Recorded data Block Start

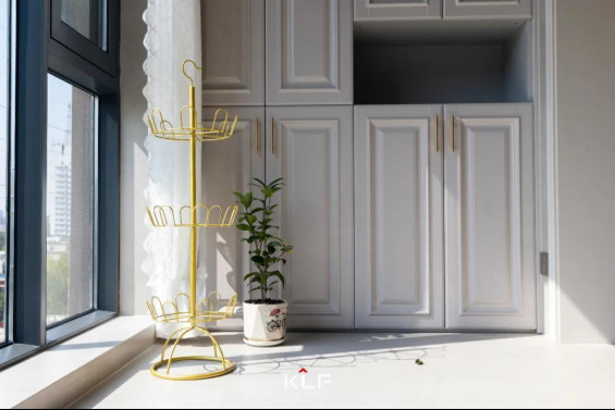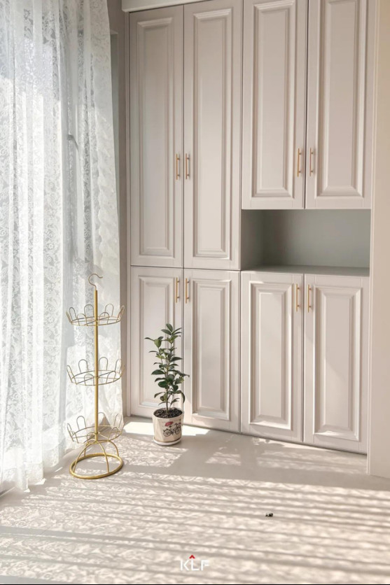 靠墻設(shè)計(jì)的水漆茶白陽臺柜兼顧收納和顏值,整墻簡約金屬拉手收納柜讓生活瑣碎變得井井有條,縱向立體化收納,搭配中間開放設(shè)計(jì),可放置日常用品,便于拿取。
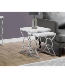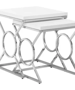 This set of 2 contemporary style nesting tables bring fashion and function to your living space. The thick glossy white square tabletop is spacious enough to hold a lamp, pictures, drinks or snacks. The chrome metal base with a unique circle intersected by an X leg design gives a statement appeal while providing solid support. This multi-functional table set is neatly stored one under the other for a space saving solution, and can be used as end tables or simply pulled out as snack tables when entertaining. The classic lines of these nesting tables will suit most decors. Assembly is required.. Set of 2 square nesting tables. Thick and spacious glossy white laminated table tops. Solid chrome metal base with distinct circle and x-leg side supports for a stylish look. Contemporary design with a classic appeal.
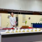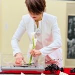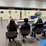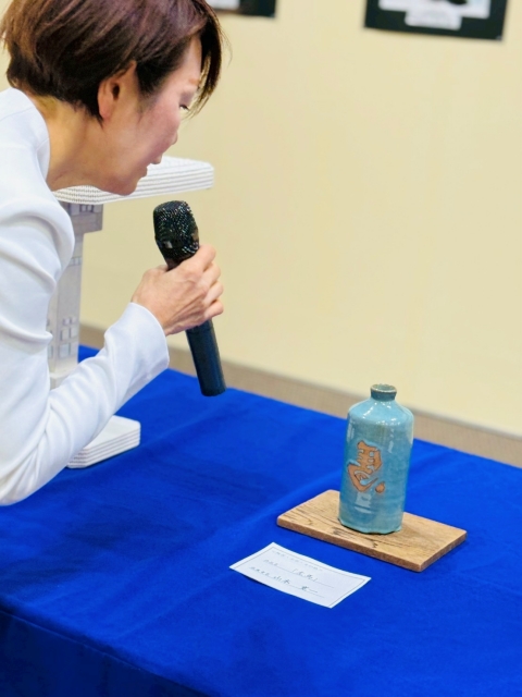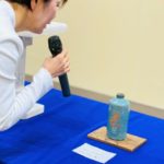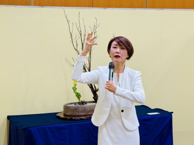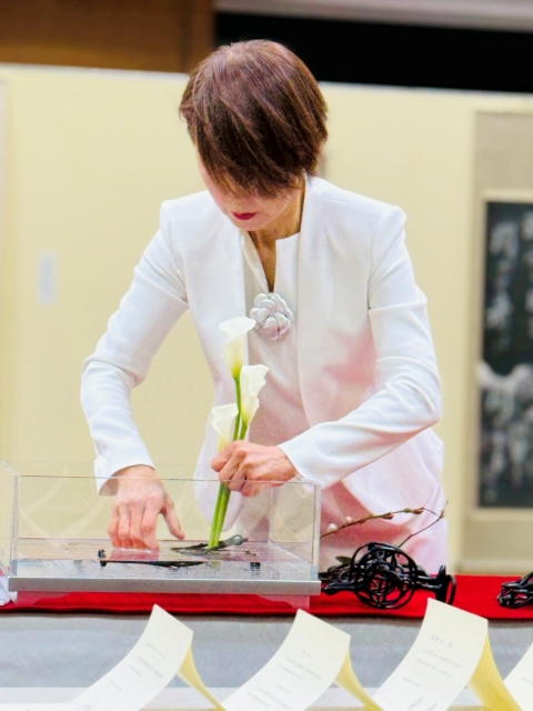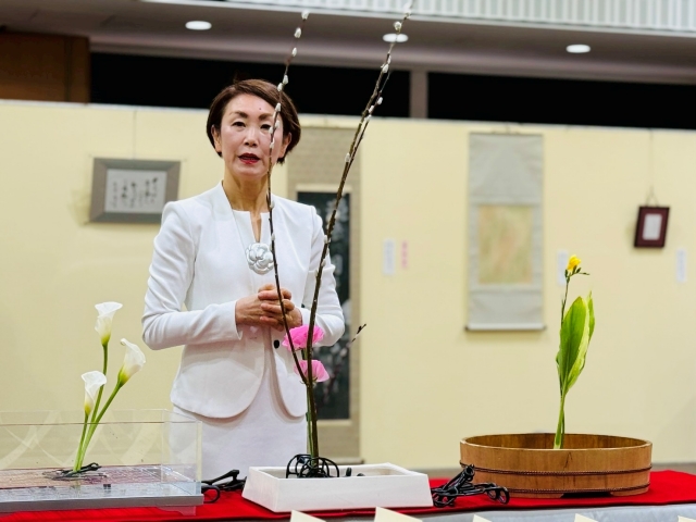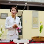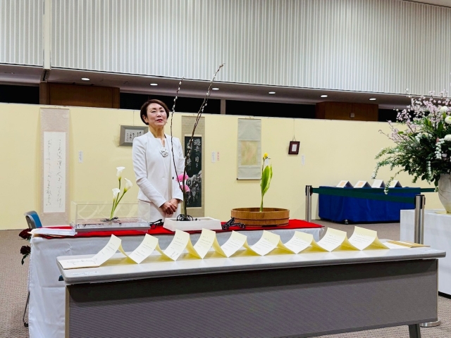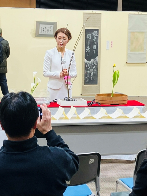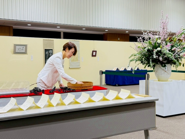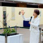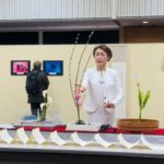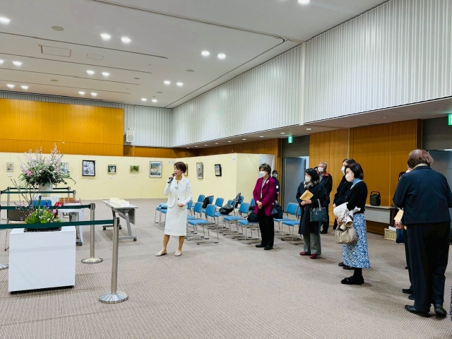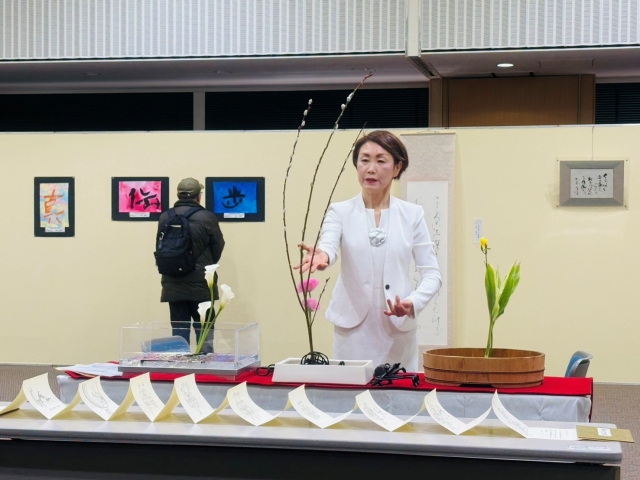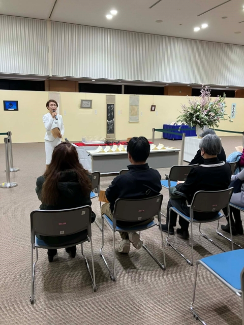 右京区民美術展会場内で、毎日一人か二人の審査員によるギャラリートークがあり、2月14日はわたくしが10時から11時まで担当させていただきました。持ち時間は一人1時間以内ですので、各部門の奨励賞作品をお集まりの皆様とご一緒に見て回った後、嵯峨美術大学・嵯峨美術短期大学 嵯峨御流華道履修生のいけた会場花をご紹介。そしてわたくしの作品「轡(くつわ)留め」も解説させていただきました。残りの時間で、轡を組んで花留に使っていける実演をご覧いただきました。
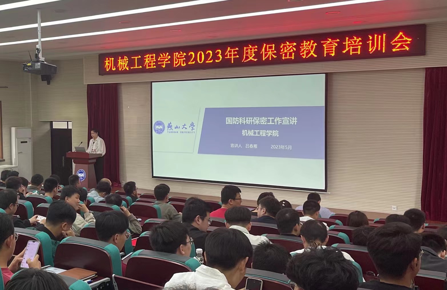 为树立保密意识,筑牢保密防线。5月11日下午,我院在机械馆J3阶梯教室召开2023年度保密教育培训会,本次培训主题为国防科研保密工作宣讲,学院全体涉密人员及参与涉密项目研究生参加培训。
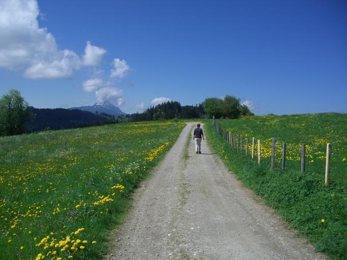 Keywords: away panorama trail hiking walk trail wanderer meadow sky blue clouds mountain greened allgäu frisch fromm cheerful free

Recorded data Block End

About this exercise -
From the line containing "为树立保密意识,筑牢保密防线" through the last line of the records above, reproduce every line exactly, leaving out the pictures.

Result -
 为树立保密意识,筑牢保密防线。5月11日下午,我院在机械馆J3阶梯教室召开2023年度保密教育培训会,本次培训主题为国防科研保密工作宣讲,学院全体涉密人员及参与涉密项目研究生参加培训。
 Keywords: away panorama trail hiking walk trail wanderer meadow sky blue clouds mountain greened allgäu frisch fromm cheerful free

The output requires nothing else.